A friend from Malaysia of Indian decent will get married in August this year and she is so kind to share her elaborate preparations with me (thanks Rajini for explaining all to me)! As South Indian weddings are as much about the family and community as about the couple, the preparations entail astrologers as well as priests, parents and professional photographers. For the bride it is relatively simple as she only chooses her dress, the make-up, the jewellery and, together with her future husband, the rings. All the rest is organized and paid for by the two parents. For astrological reasons the wedding will take place on Friday the 31st of August. Here is what will happen:
27th of August the Nallungu ceremony will take place. The couple will separately receive the blessings by the elders in their respective parents’ houses.

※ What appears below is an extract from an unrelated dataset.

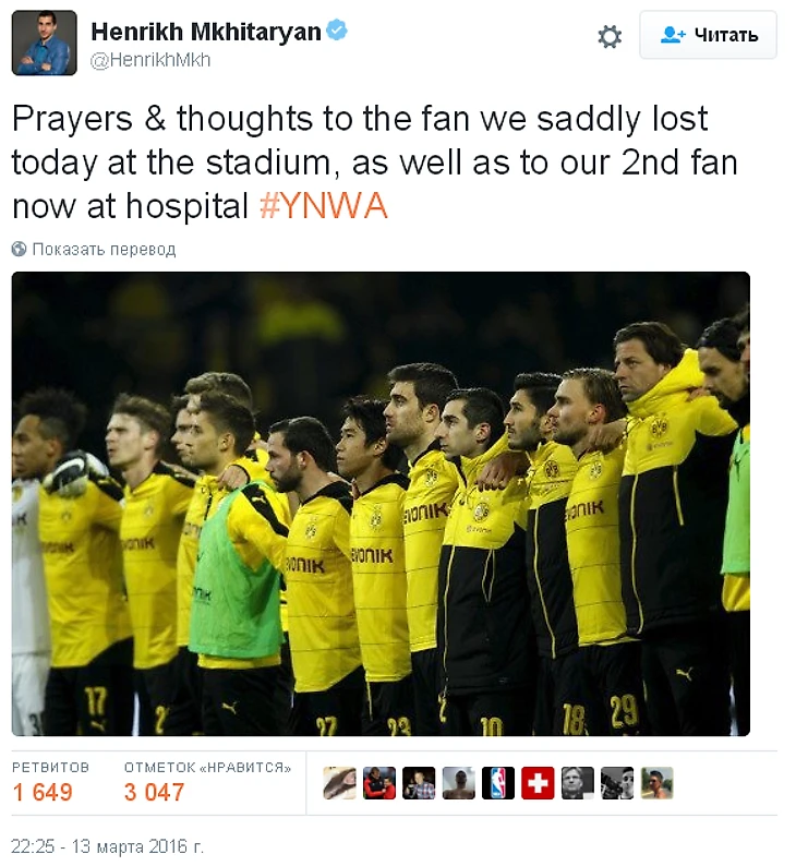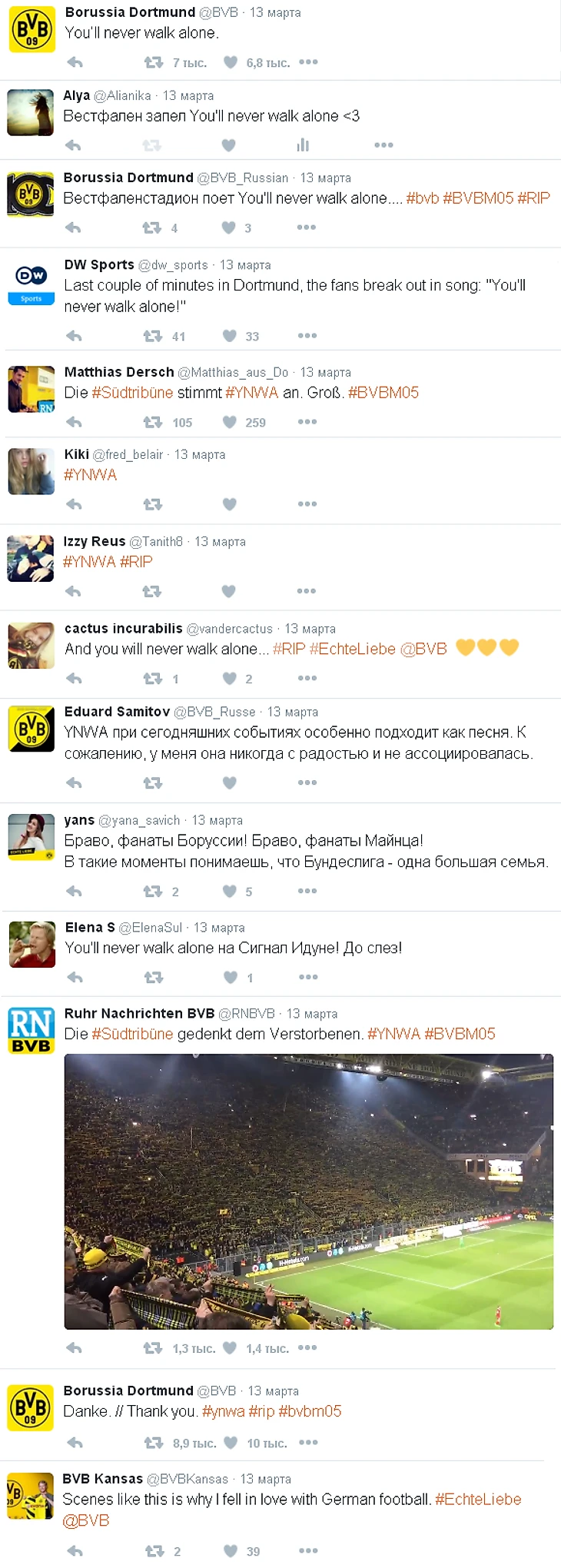 - Дорогие болельщики Дортмунда и Майнца, вы все сделали правильно! Мои искренние соболезнования родственникам.

On the 29th of August the engagement formalities will take place with the elders from both sides exchanging silver trays laden with fruits and the rings get exchanged. This will take place in a temple near their house. The priest will also bless the couple.

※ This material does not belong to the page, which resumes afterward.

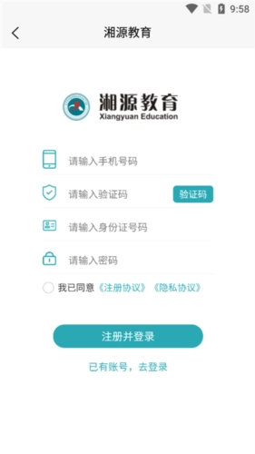 请输入手机号、验证码、身份证号和密码,勾选同意隐私协议后,点击注册并登录。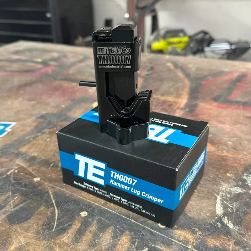 The TEMCo Hammer Lug Crimper is designed for crimping battery and welding cables from 8 AWG to 4/0. This mountable tool provides secure, reliable connections for heavy-duty electrical work.

On Thursday the 30th of August the bride will leave the parent’s house to stay with her aunt until the wedding day. The wedding technically means that the girl gets given away by her family to the boy’s side. As the wedding is on a Friday and Fridays are “good” days in Hindu calendar, the bride is not supposed to leave her family on a Friday. The couple circumvents the problem in the bride returning before midnight to her aunt’s house (some couple stay in a honey-moon suite instead).
Friday the 31st of August is the actual wedding day and it will last the whole day. The bride in full Indian regalia and decorated to the max. She will be picked up by the groom’s party and taken to the wedding hall (not a temple, mind you). The bride will be blessed in a ceremony called Saangiyam and it involves a coconut which is then used by a priest in a fire ceremony. The groom will receive a separate ceremony. And finally the couple gets reunited and the groom places the Thali (a pendant similar to Western wedding rings) around the bride’s neck. She is supposed to wear the rest of her life (and no such token for the hubby though). They will also place silver toe rings on each others toes. The ceremony will be followed by a sumptuous dinner (this being Asia , I really mean sumptuous, aka loooooots of food, yummy)!
After the dinner the day is not over yet for the couple as they go to the groom’s place and do another ceremony: the milk and fruit feeding ceremony. The bride will then rush before midnight back to her aunt’s house and stay there, alone, until Saturday (remember, Friday is an auspicious day in Hinduism and no staying together then. Tough luck, buddy!).
On the 1st of September the newly-wed couple will have dinner at her place and on the following day at his place. And this is when the bride will for the first time stay at his place, for good.
A lot of ceremony, huh, so stop worrying my sissy-boys and girls about your simple western weddings!